*Exercise:* Only the pictures are to be dropped; return all other data below exactly.

*Data section:*
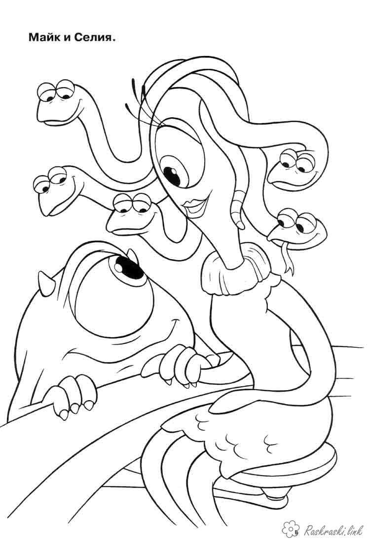 Копорації монстрів. Раскраска Майк і Селія, мультфільм, розмальовки для дітей завантажити бесплатно онлайн
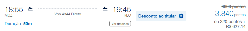 | Maceió (MCZ) | Recife (REC) | 3.840 | 6.000 | 29-Junho | Reserve aqui |
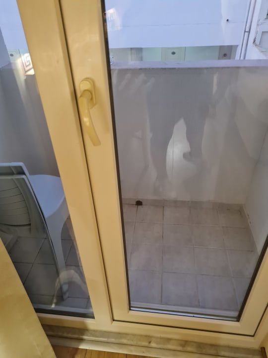 Der Balkon ist sehr mini, ich weiß nicht wieso sind die Stühle, man kann die nie nutzen
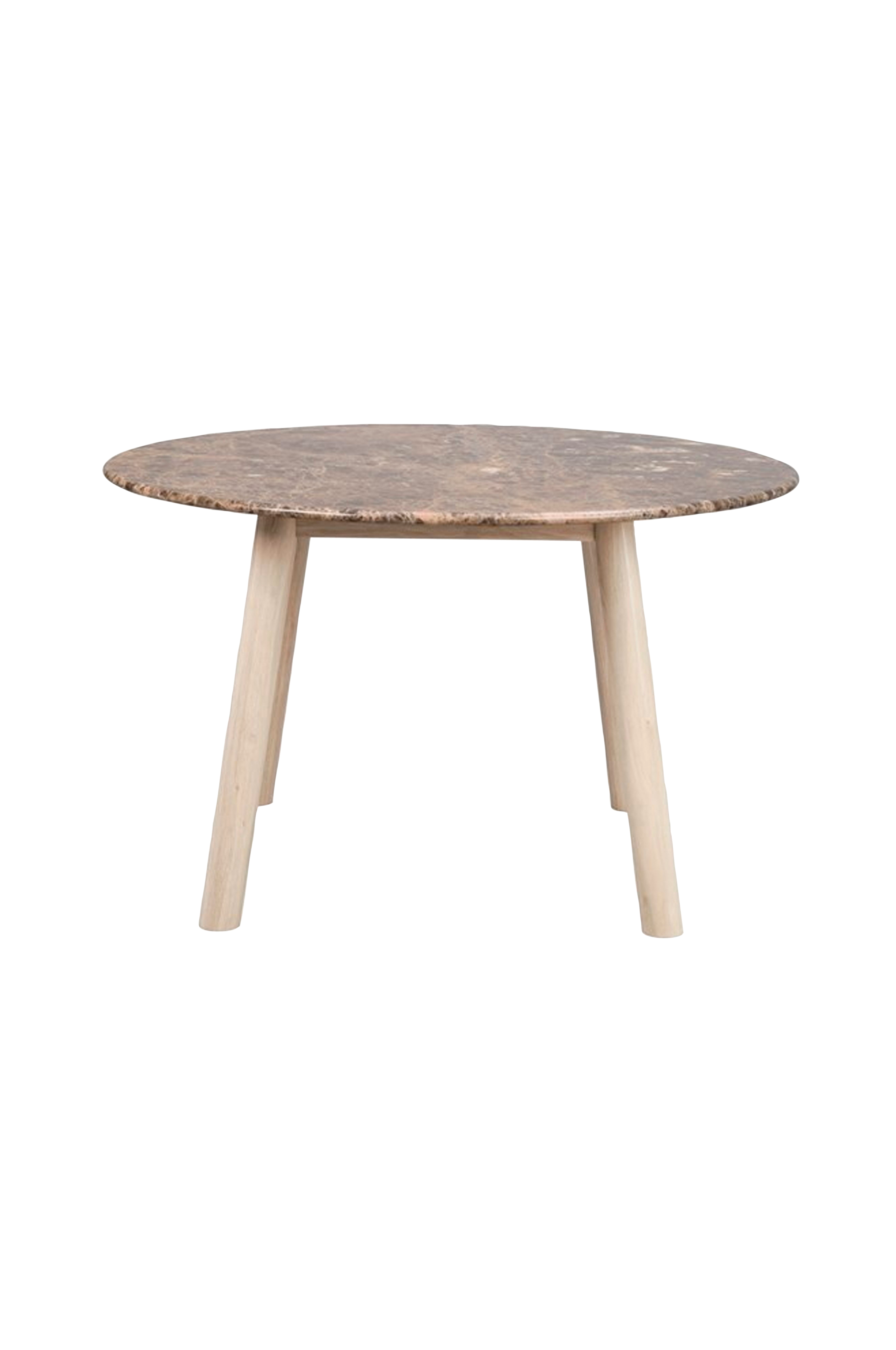 Luksuriøse transa spisebord har en eksklusiv steinplate av ekte Emperador marmor og massive ben av FSC-sertifisert eik. Emperador er en type marmor med fine skiftninger som gir bordet naturlig skjønnhet. Myke former og stilren design gjør spisebordet til et midtpunkt i rommet.

*Written reply:*
 Копорації монстрів. Раскраска Майк і Селія, мультфільм, розмальовки для дітей завантажити бесплатно онлайн
 | Maceió (MCZ) | Recife (REC) | 3.840 | 6.000 | 29-Junho | Reserve aqui |
 Der Balkon ist sehr mini, ich weiß nicht wieso sind die Stühle, man kann die nie nutzen
 Luksuriøse transa spisebord har en eksklusiv steinplate av ekte Emperador marmor og massive ben av FSC-sertifisert eik. Emperador er en type marmor med fine skiftninger som gir bordet naturlig skjønnhet. Myke former og stilren design gjør spisebordet til et midtpunkt i rommet.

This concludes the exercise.